Santigold,
“Lights Out”, in https://www.youtube.com/watch?v=G9WRSO7YYco
Nos filamentos da lâmpada
não há sinal de fragilidade. Não é como aquelas lâmpadas que estão por um fio,
literalmente, e o fio mais débil se rompe, extinguindo a luz. Porém, a luz
vertida pela lâmpada tergiversa. Dá a entender que a escuridão pode substituir
a claridade, a qualquer momento.
Inspeciona a lâmpada.
Parece estar tudo a funcionar bem. Talvez por dentro da lâmpada haja elementos
corrosivos que adulteram o seu funcionamento. Talvez possa haver um defeito de
fabrico, estrutural. Mas não importam as causas da anomalia. Sabe que se a
lâmpada não for substituída ficará refém das trevas: é noite. Não demora a
procurar lâmpadas novas, e de preferência daquela medida, que possam estar
algures na casa. Mexe e remexe em gavetas, nos armários para onde é atirado,
com desprezável negligência, tudo o que seja aparentado de ferramentas e
utensílios de bricolage. Não há sinal de lâmpadas novas.
Ao longe, na sala onde
deixou a lâmpada fosca, nota as vacilações da luz que a lâmpada irradia. Até
parece um corpo senescente nos seus derradeiros lampejos, quase a ir-se, a
custo entretecendo o que serão os finais suspiros. A luz desmaia, mas ainda não
se apagou. Tem algumas intermitências: apaga-se por um instante, menos do que
um segundo, e retoma logo a seguir, ressuscitando um fulgor efémero. Continua
sem encontrar a lâmpada substituta. Põe a hipótese de mudar uma lâmpada que não
esteja acossada pela hibernação, retirá-la de outro candeeiro onde a luz não
faça falta. Só que o candeeiro que alberga a lâmpada fosca é único nas medidas.

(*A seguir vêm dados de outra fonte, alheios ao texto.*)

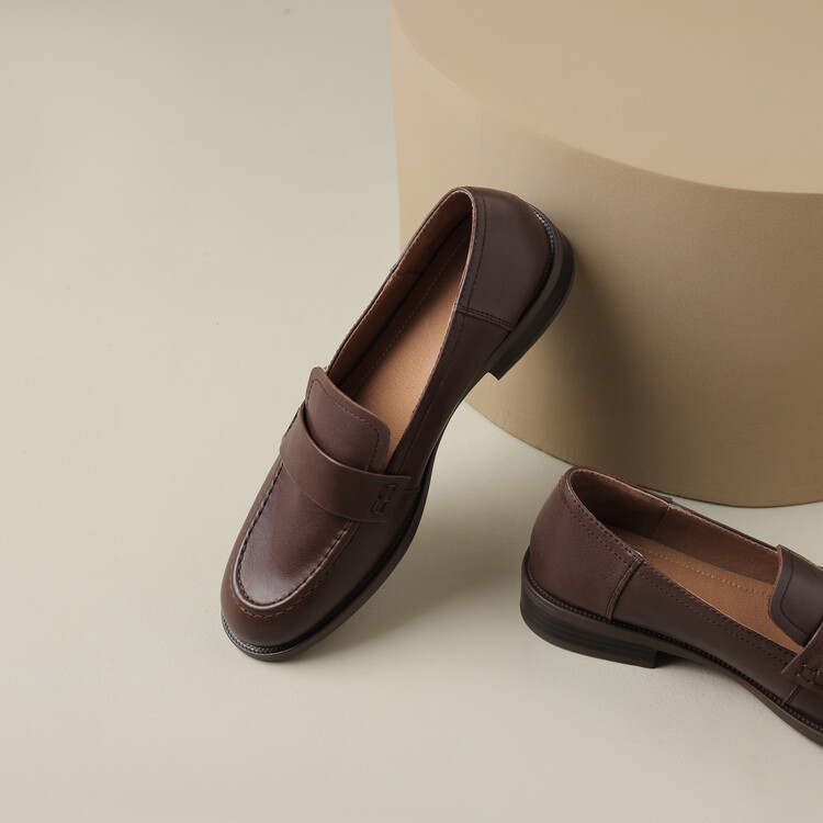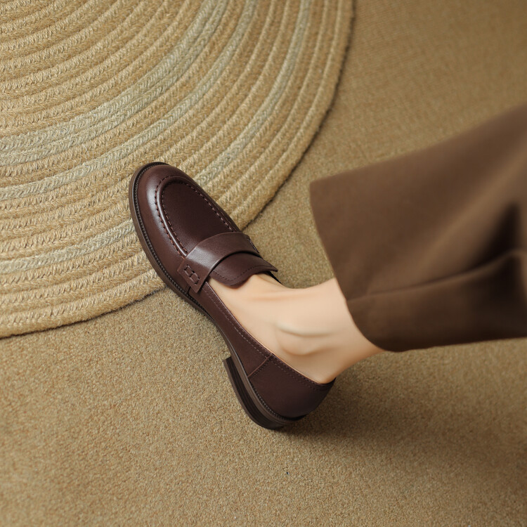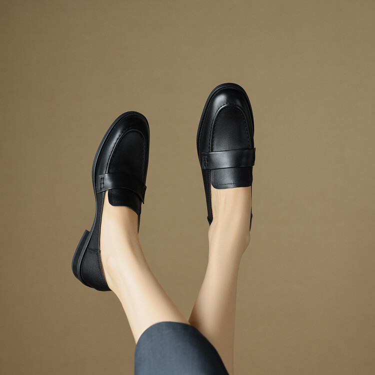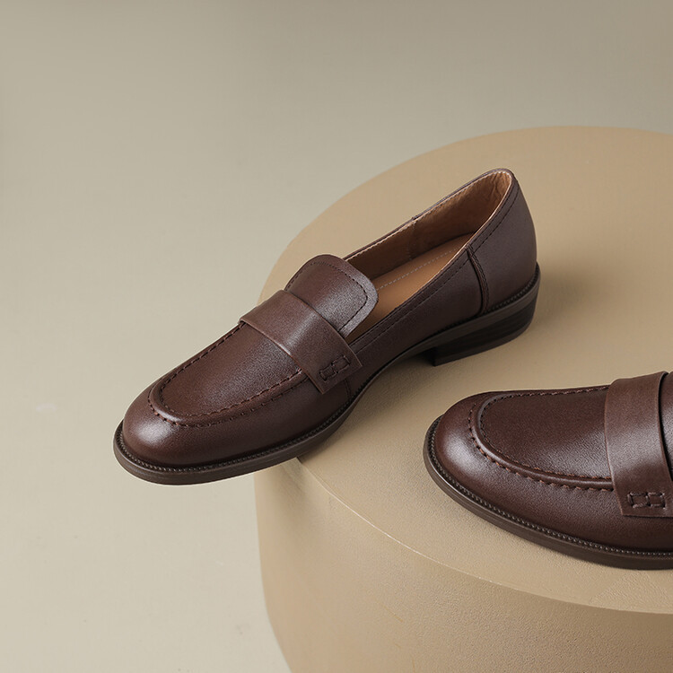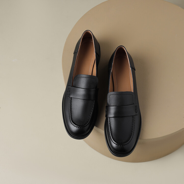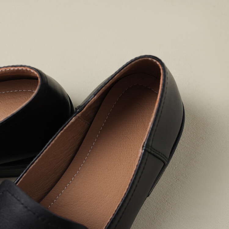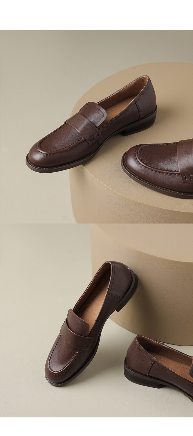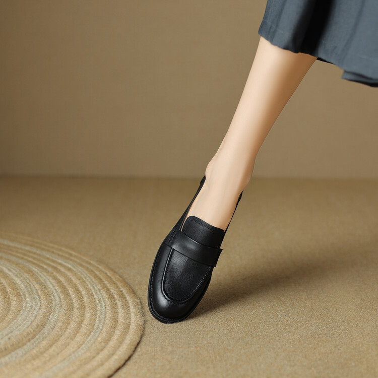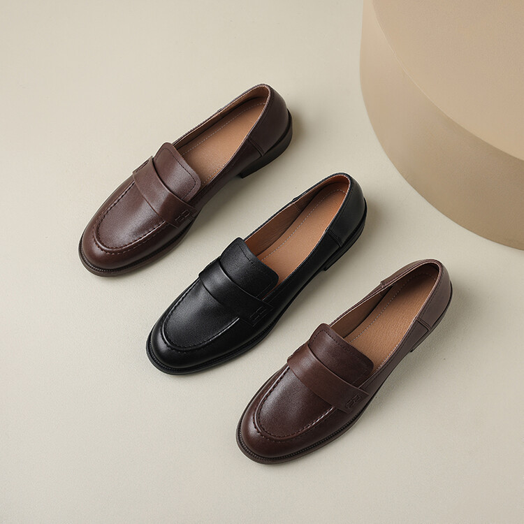 봄과 가을 새로운 패션 부드러운 바닥 로퍼 여성 영국 스타일 2024 새로운 라운드 토 청키 힐 캐주얼 가죽 신발 단층 신발스토어 가기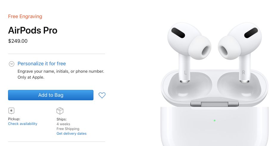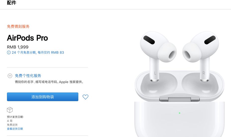情况究竟如何?e公司记者登陆苹果美国官网显示,目前售价249美元的AirPods Pro仍可下单,但发货周期需要4周。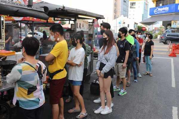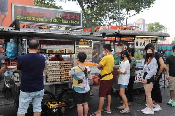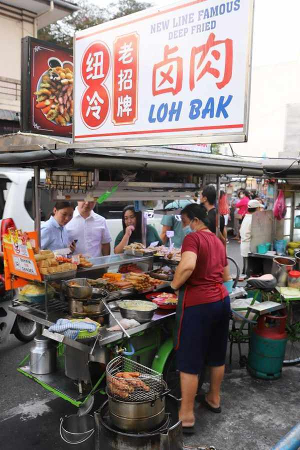 在纽冷街,可以品尝到各种当地的特色小吃,我们下午五点半到达,看到街口的小贩档前,已经有食客在排队了。
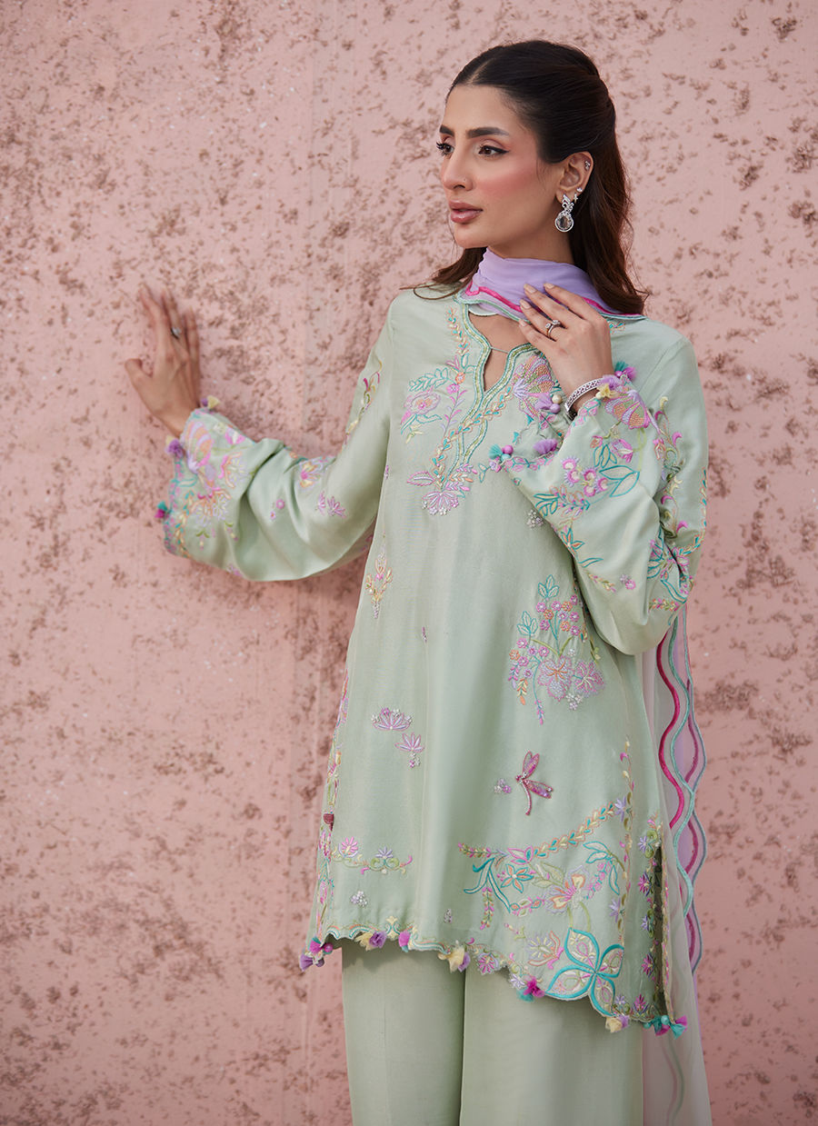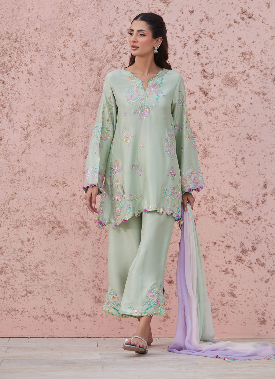 Paired with a raw silk izaar finished with composed embroidery, the outfit gains structure and balance, while the pure chiffon dupatta adds a soft, fluid layer that completes the ensemble with effortless grace.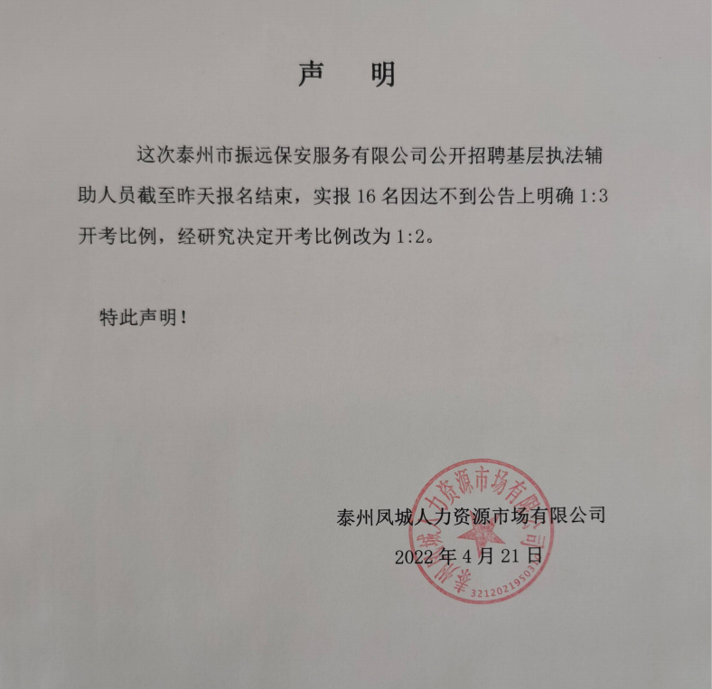 振遠(yuǎn)保安有限公司公開招聘基層執(zhí)法輔助人員公告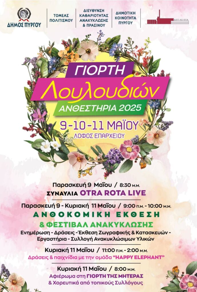 Ο δήμος Πύργου και η Δημοτική Επιχείρηση Πύργου διοργανώνουν τη «Γιορτή των Λουλουδιών», που θα πραγματοποιηθεί στο λόφο του Επαρχείου, το τριήμερο 9, 10 και 11 Μαΐου.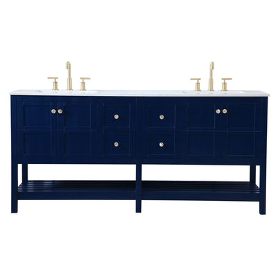 The subtle beauty of the Theo collection 72" vanity in a blue finish exudes comfortable luxury. Its modern, yet traditional beauty will surely dress up your bathroom or powder room without any fuss. The white stone countertop and porcelain undermount sink shows quiet opulence, and the legs support upright without fail. Gold hardware complements the trendy blue finish, with pulls adorning the four cabinet doors and four drawers, showcasing ample storage space within. Slated shelf allows for additional space to organize your towels. Whether this vanity is in your bathroom or for guests, its presence will surely elevate the aesthetics of your room.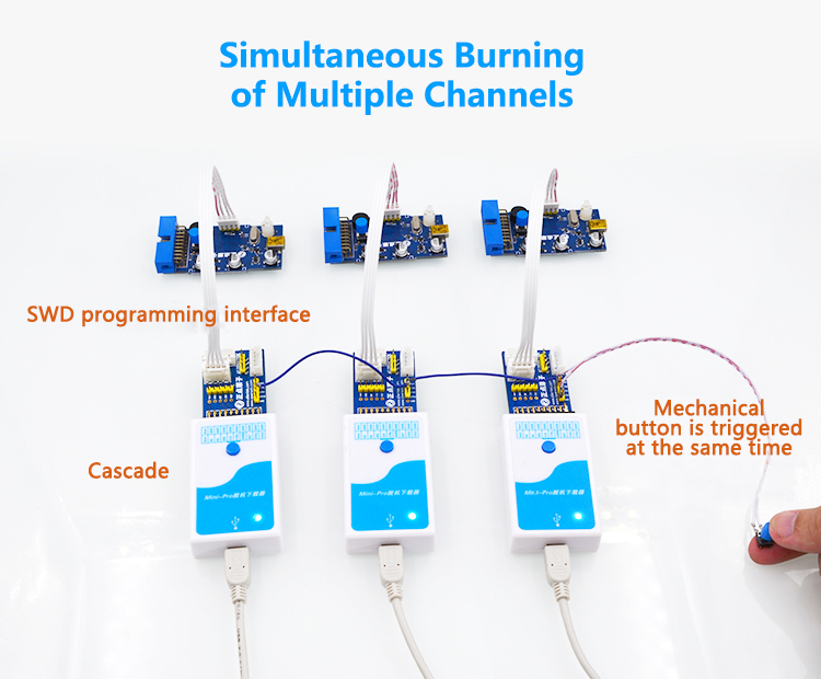Now Mini-Pro downloads programs at once, and then downloads it to multiple products, featuring fast speed and high efficiency. No computer is required. It is your ideal assistant in mass production.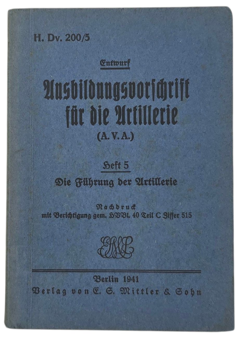 Original WW2 German Book - Ausbildungsvorschrift für die Artillerie Heft 5 H. Dv. 200/5 (1941)Origineel Wo2 Duits Boek -Ausbildungsvorschrift für die Artillerie Heft 5 H. Dv. 200/5 (1941)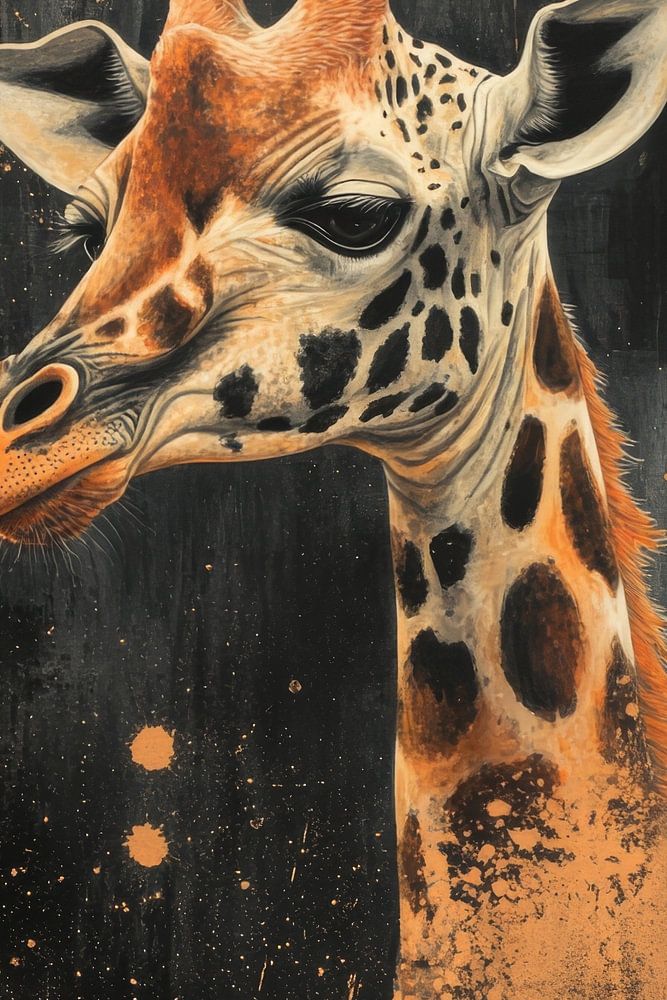 Dit expressieve kunstwerk toont het sierlijke hoofd van een giraffe, prachtig weergegeven met rijke details tegen een dramatische, donkere achtergrond. De gouden en oranje verfspetters creëren een speels en levendig contrast, waardoor het beeld een moderne en artistieke flair krijgt. De combinatie van realisme en abstractie maakt dit schilderij een perfecte aanvulling voor een eigentijds interieur, waar het een krachtige blikvanger vormt.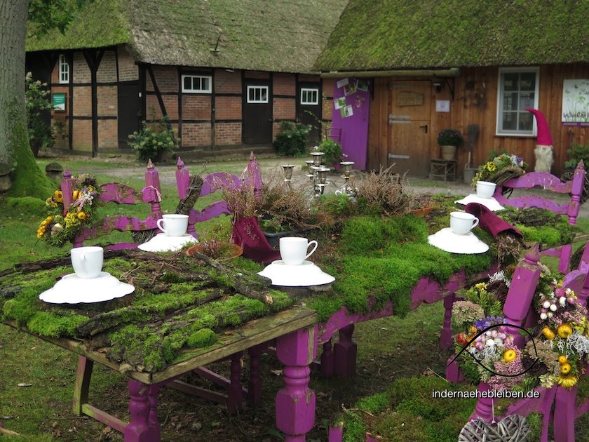 Waldgeister sind total scheu. Am ehesten trifft man sie ganz früh morgens, wenn der Tau in den Netzen der kleinen Heidradspinne funkelt. Günstig stehen dann die Chancen, den verrückten Hutmacher aus Alice im Wunderland zu treffen. Er scheint in Ehrhorn regelmäßig den Tisch zu decken. Kommt man wie das weiße Kaninchen zu spät, kann man immerhin Wiesentapas und Gänseblümchen Limonade in der Wildkräuterey probieren. (Wer etwas für schöne Blüten und köstliche Speisen übrig hat, unbedingt Klick)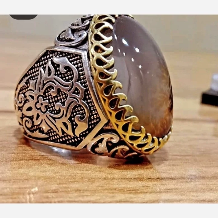 انگشتر بزرگ و سنگین زیبا نقره با سنگ معدنی زیبا اصل شجره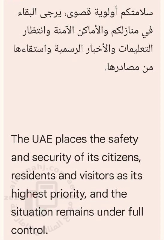 | أكدت الهيئة الوطنية لإدارة الطوارئ والأزمات والكوارث في رسائل نصية: "دولة الامارات تضع أمن وسلامة المواطنين والمقيمين والزوار كأولوية قصوى، ونطمئنكم أن الأوضاع مستقرة ومستتبة، كما تعمل الجهات المختصة ضمن منظومة وطنية متكاملة وبقدرات وكفاءة عالية". وأضافت: "سلامتكم أولوية قصوى، يرجى البقاء في منازلكم والأماكن الآمنة وانتظار التعليمات والأخبار الرسمية واستقاءها من مصادرها". | ||
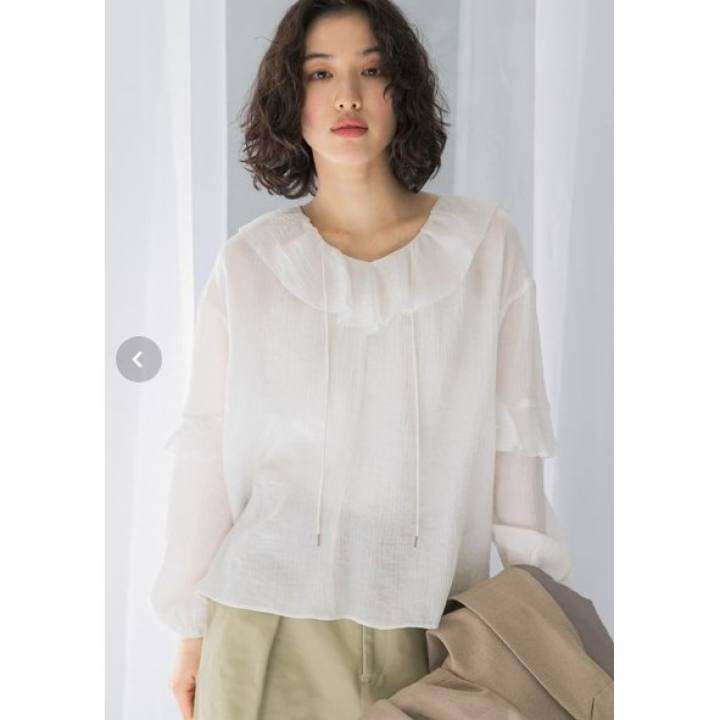 日单urb@ research ross0杨柳荷叶领女款衬衫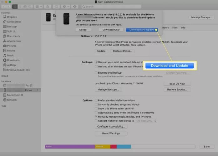 iTunes 或 Finder 还可以让您更新 iOS。当它们通过您的计算机连接到 Apple 的服务器时,它们可以避免手机上的故障。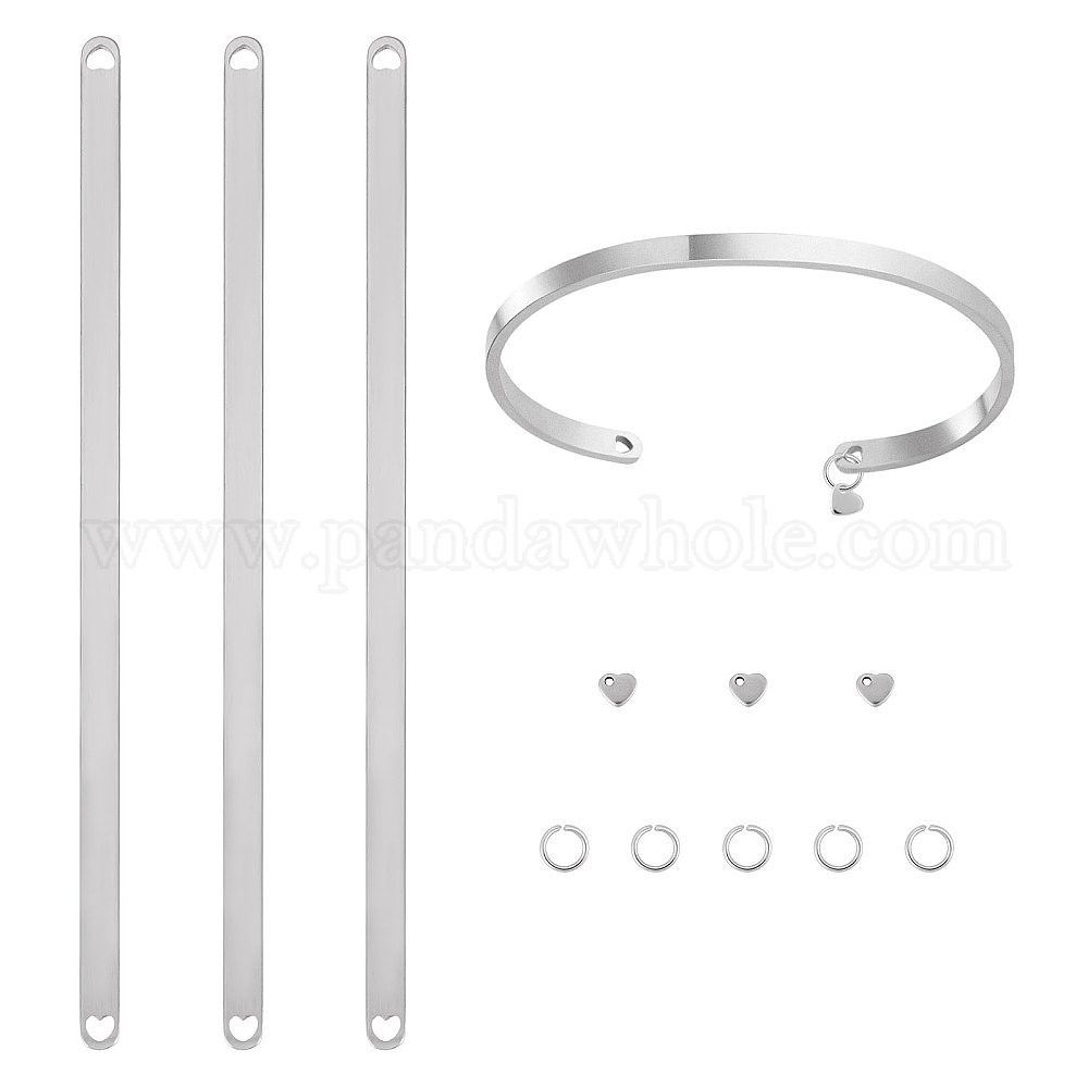 Наборы для самостоятельного изготовления браслетов-манжет, В комплект входят 3 заготовок для браслетов из нержавеющей стали., 3 шт. 304 подвески из нержавеющей стали и 5 шт. открытые соединительные кольца

As outras lâmpadas não cabem no bujão do candeeiro.
A inquietação cresce com
as tergiversações da lâmpada, cada vez mais frequentes. É naquele lugar da casa
que a luz é precisa naquela noite. Não é noutro compartimento. É lá que a luz
tem serventia. Se se apagar, nem para fosca tendo uso, a lâmpada será
responsável pela impossibilidade da empreitada anotada para aquela noite. Ele
transpira por efeito dos nervos. A lucidez descompõe-se. De repente, rompe com
os hiatos de entendimento. Afinal, esquecera-se do óbvio: as irregularidades na
luminosidade vinham do abastecimento de energia.